Теперь Альфрид хотел полностью возродить свою империю и считал, что нашел для этой цели подходящего человека – Бейца, которого ему рекомендовали Бертольд и Шпренгер. Они быстро подружились и часто вместе катались на лыжах в Сен-Морице, не разговаривая о делах. Но однажды на них буквально свалилась Берта Крупп, уже точно последняя женщина в Европе, которую можно представить себе в лыжных ботинках. Когда сын отлучился по каким-то делам, она принялась искусно расспрашивать Бейца о его карьере, а позднее познакомилась с его матерью, Эрной Штут. По словам Тило фон Вильмовски, это знакомство было идеей самого Альфрида, который доверял интуиции своей матери. Эти встречи происходили еще до подписания Мелемского соглашения по концерну. Однажды вечером 25 сентября 1952 года, когда Альфрид, Вера, Шпренгер и Бейц с женой Эльзой сидели в баре «Времена года», Альфрид вдруг пригласил Американца прогуляться, несмотря на то что на улице моросил дождь. Они бродили до полуночи, оба промокли. Наконец, Крупп, по-видимому удовлетворенный результатами беседы, сказал: «Я думаю, мы сработаемся» – и предложил Бейцу переехать в Эссен, чтобы помочь восстановить фамильную фирму. Сам Крупп впоследствии объяснял это тем, что ему нужен был новый человек, со свежим взглядом, не зашоренный, как можно более свободный от «стальных» стереотипов. Он нашел такого человека почти случайно.
Бейц потом смеялся: «Честно говоря, я думал, он позвал меня, чтобы попросить взаймы». Конечно же он был удивлен предложением и попросил у Круппа несколько дней на раздумья. На самом деле ему просто нужна была информация. Обратившись к своему приятелю, газетному магнату Акселю Шпрингеру, Бейц попросил у него досье на фирму: факты, цифры, лица, даты. Все внимательно изучив, он дал Круппу утвердительный ответ, но с оговоркой: «Если меня отпустит правление». Директора страховой компании не пожелали отпустить Американца до окончания контракта. Срок его истекал через год, и Бейц по телефону сообщил Круппу, что готов будет перейти в его администрацию с ноября 1953 года.
* * *
Владелец-изгнанник формально возвратился в свою «столицу» 12 марта 1953 года, через восемь дней после заключения Мелемского договора, через восемь лет после своего ареста и через сто лет после того, как король Пруссии Фридрих-Вильгельм IV выдал его прадеду патент на производство бесшовных стальных колес, ставших эмблемой фирмы.
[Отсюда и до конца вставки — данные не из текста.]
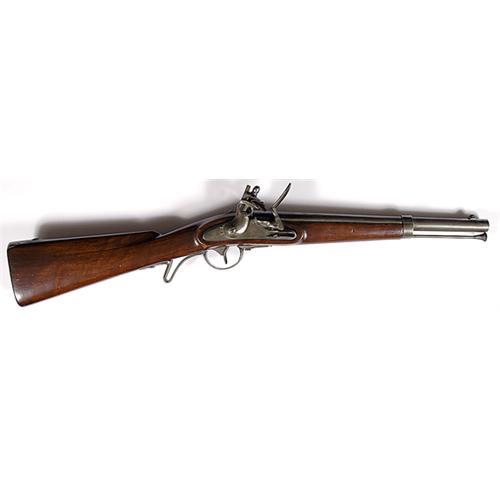 <Our item number 140715><B>Flintlock Calvary Carbine.</B> Circa 1820's. This rifle is of Fench Belgian origin used by the Hussars (elite calvary unit). Length 29 1/2 in. Condition very good, only the expected slight scattered nicks in stock. Hardware has drifted to a smooth grey patina virtually free of any pitting. An excellent example considering its age. <BR>Estimated Value $900 - 1,100. <BR><BR>Our item number 140715<BR><IMAGES><P ALIGN="CENTER"><IMG SRC="http://www.goldbergcoins.net/liveauction/49jpegs/140715.jpg"> </P></IMAGES>
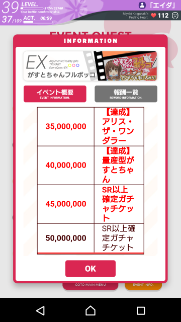 ・45000万、5000万の報酬はどちらも「SR以上確定ガチャチケット」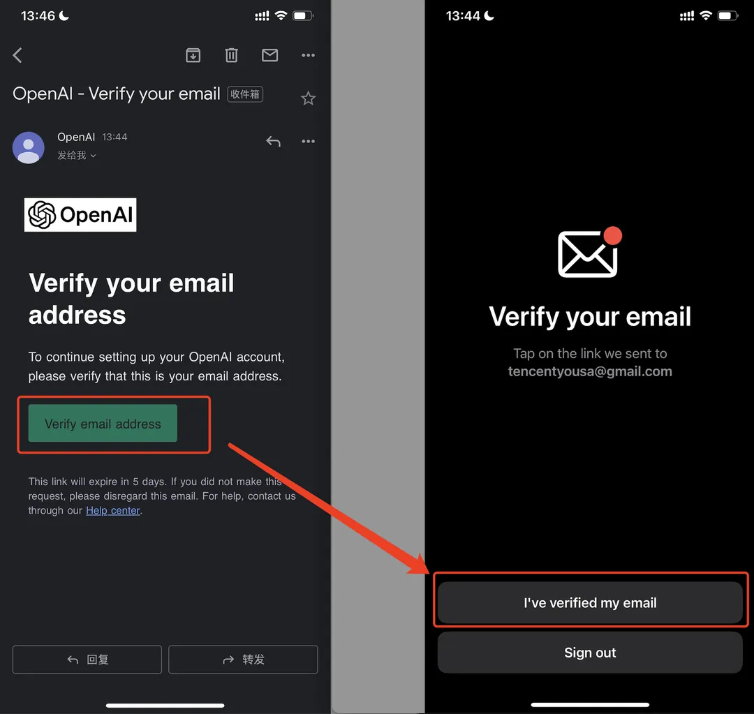在 ChatGPT 应用程序中点击"I’ve verified my email"按钮,继续注册流程。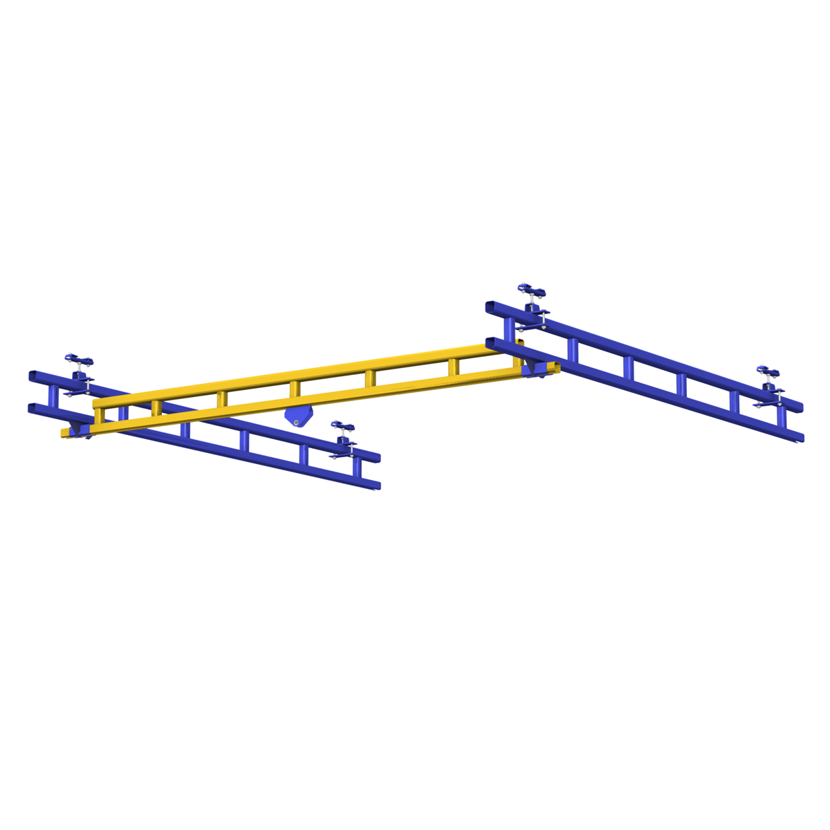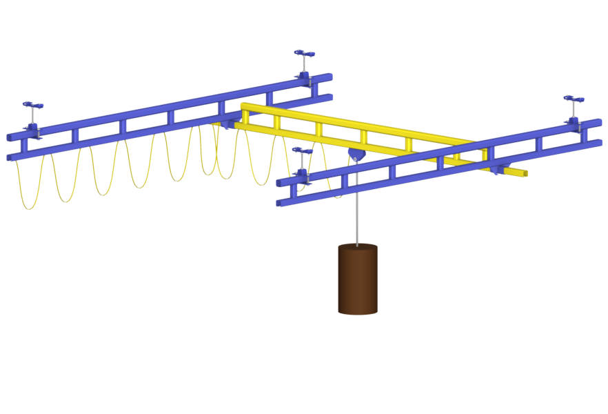 - Flexible design. With this system, the production manager can easily add or subtract extra sections to the track along the runway to fit the mechanical task or the transport of heavy loads. The bridge span can be up to 34 feet long.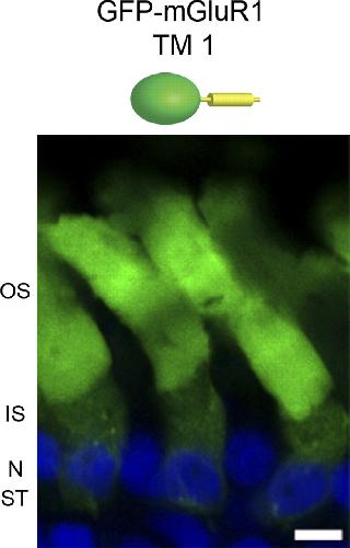 Figure 7. Localization of a random GFP-tagged transmembrane domain in transgenic Xenopus rods. GFP-tagged transmembrane segment 1 from mGluR1. Bar, 5 μm. |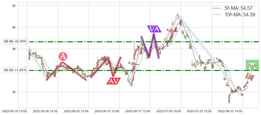 ♘ 阻力价格位56.02,可信任强度62.98%,距离最后交易2022-08-12 14:00形成的收盘价格54.97相差 +1.91%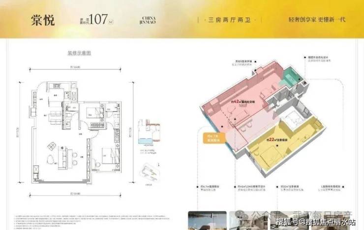 棠悦(建面约107㎡,3房2厅2卫):高层入门级产品,户型方正;约6.7米南向阳台连通客厅和书房;约42㎡LDKG餐客厅一体化,社交场景多元化;内部承重墙少,改造空间大,客厅和南向书房可随意组合。

Альфреду шел тогда сорок второй год, Альфриду сейчас – сорок шестой, и от того Большого Круппа было очень много в нынешнем хозяине концерна. Когда он ехал по улицам Эссена в своей спортивной машине, кто-то крикнул в толпе, показывая на памятник старому Круппу: «Снять с него бороду и усы – и будет вылитый господин Альфрид!»
Газеты назвали въезд Альфрида в город праздником, да так оно и было. По обе стороны дороги выстроились полицейские концерна, сдерживая напор людей. Дети махали флажками с тремя кольцами, женщины бросали букеты под колеса автомобиля и делали реверансы на глазах у изумленной Веры. Альфрид слегка кивал в ответ на приветствия ветеранов фирмы, но в глубине души он был тронут. У главного управления обер-бургомистр, бывший кузнец Круппа, произнес речь в честь возвращения самого знаменитого гражданина его почти 700-тысячного города.
Затем, обращаясь к директорам, Альфрид объявил: «Я полагал, что мы сможем подняться, может быть, за полвека, но не сомневался, что день нового подъема наступит». Другие члены правления не разделяли его оптимизма. Поцеловав ручки новой фрау Крупп, они удалились в зал заседаний, где сообщили единственному собственнику фирмы, что до ее подъема очень и очень далеко. Например, на фирме работало около 16 тысяч токарей, и таково же было число пенсионеров. А один человек за станком не может содержать одного на садовой скамейке. Крупп все же возразил, что люди у них на первом месте уже сто лет. Янсен сказал владельцу, что только капиталовложения в 2 миллиарда марок позволят концерну достичь высокого уровня 1943 года, а об этом нечего и думать.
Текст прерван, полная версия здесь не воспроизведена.